Objective   This study was designed to explore the effects and mechanisms of raltitrexed on the growth of the human gastric cancer cell line (MGC-803) transplanted in nude mice.

  Methods   Models of MGC-803 xenograft transplanted in nude mice were established. Body weight, mental state, food, and stool of the nude mice were closely monitored, and the inhibitory action in the tumors was evaluated after drug intervention. Distribution and apoptosis of the tumor cells were examined through flow cytometric assay. P53 mRNA and protein expression levels were determined through reverse transcription-polymerase chain reaction and Western blot analysis. Changes among the three groups were compared.

  Results   Body weights and tumor volumes of the nude mice were lower in the raltitrexed and 5-fluorouracil (5-Fu) groups than those in the control group.
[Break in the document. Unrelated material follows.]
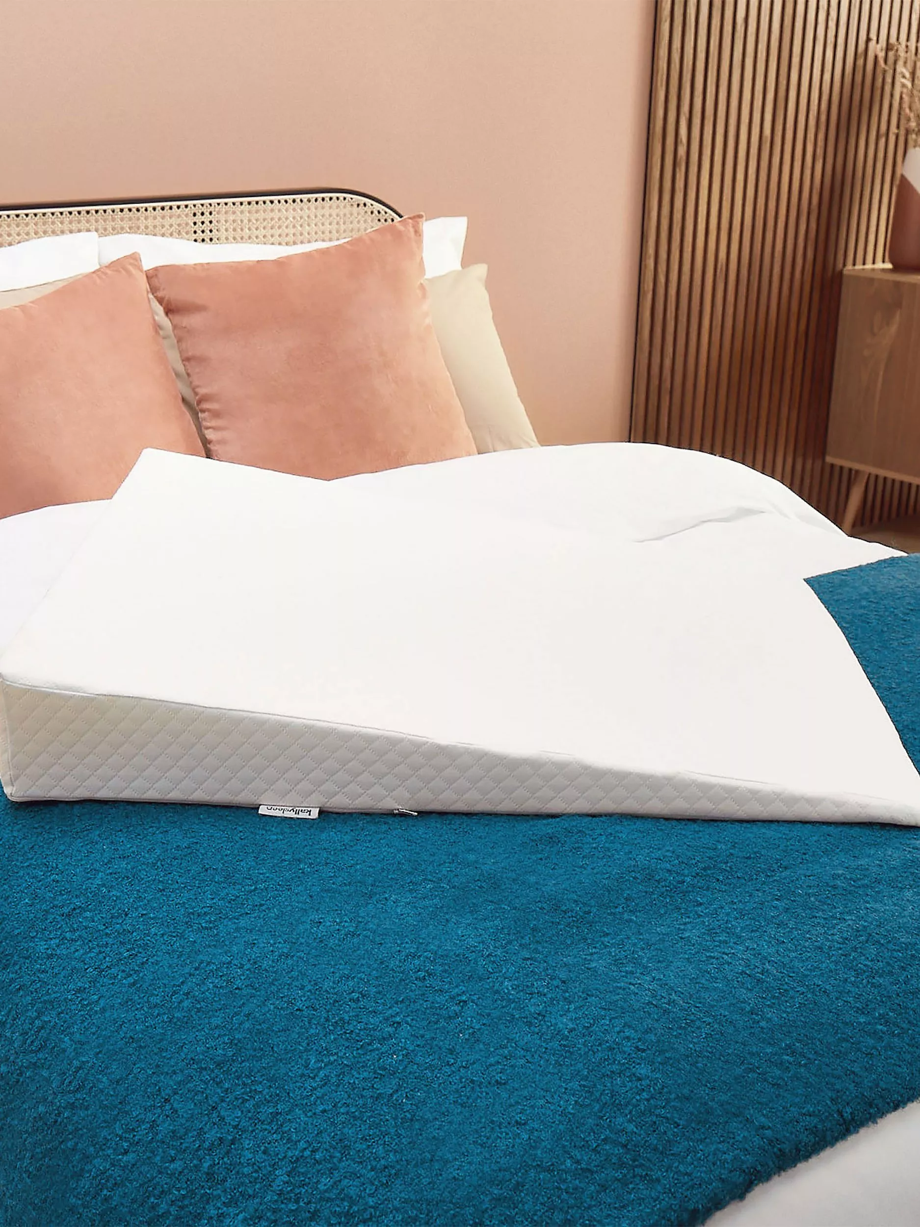 The Acid Reflux pillow has been designed to relieve symptoms of acid reflux and heartburn to ensure you have a comfortable nights sleep. Its angled wedge shape supports the upper half of your body and elevates the torso, using gravity to prevent acid running upwards from your stomach. This helps to reduce acid and reflux discomfort. Use it at a steep angle for sitting up or at a shallow angle for a gentle inclination and back support.

Tumor inhibition ratios were 49.02% and 45.75% in the raltitrexed and 5-Fu groups, respectively. In the G₀/G₁ stage, the number of cells decreased in the raltitrexed and 5-Fu groups. Significant differences were found between the experimental and control groups (P < 0.01). In the S stage, the number of cells increased in the raltitrexed and 5-Fu groups, with significant differences from the control group (P < 0.01). P53 mRNA and protein expression levels in the raltitrexed and 5-Fu groups were significantly higher than those in the control group (P < 0.01), but no significant differences were found between the raltitrexed and 5-Fu groups (P>0.05).
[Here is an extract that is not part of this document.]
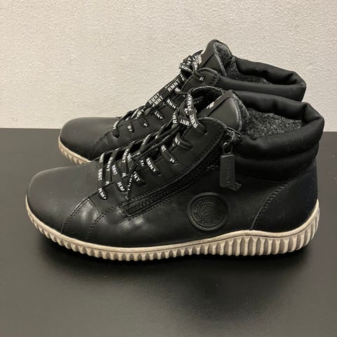 Uudenveroiset Camper- nahkanilkkurit. Vetoketjut sivulla. Kevyt pohja. Pohjan materiaalissa valkoisia "pilkkuja" mustalla pohjalla. Pohjallisen pituus 24 cm

  Conclusion   Raltitrexed can inhibit the growth of MGC-803 xenograft transplanted in nude mice and shows inhibitory effect similar to that of 5-Fu. Raltitrexed can induce the S-phase block of the cell cycle and cell apoptosis in the MGC-803 xenografts in the nude mice. This drug may exhibit an antitumor effect by upregulating the p53 mRNA and protein expression levels.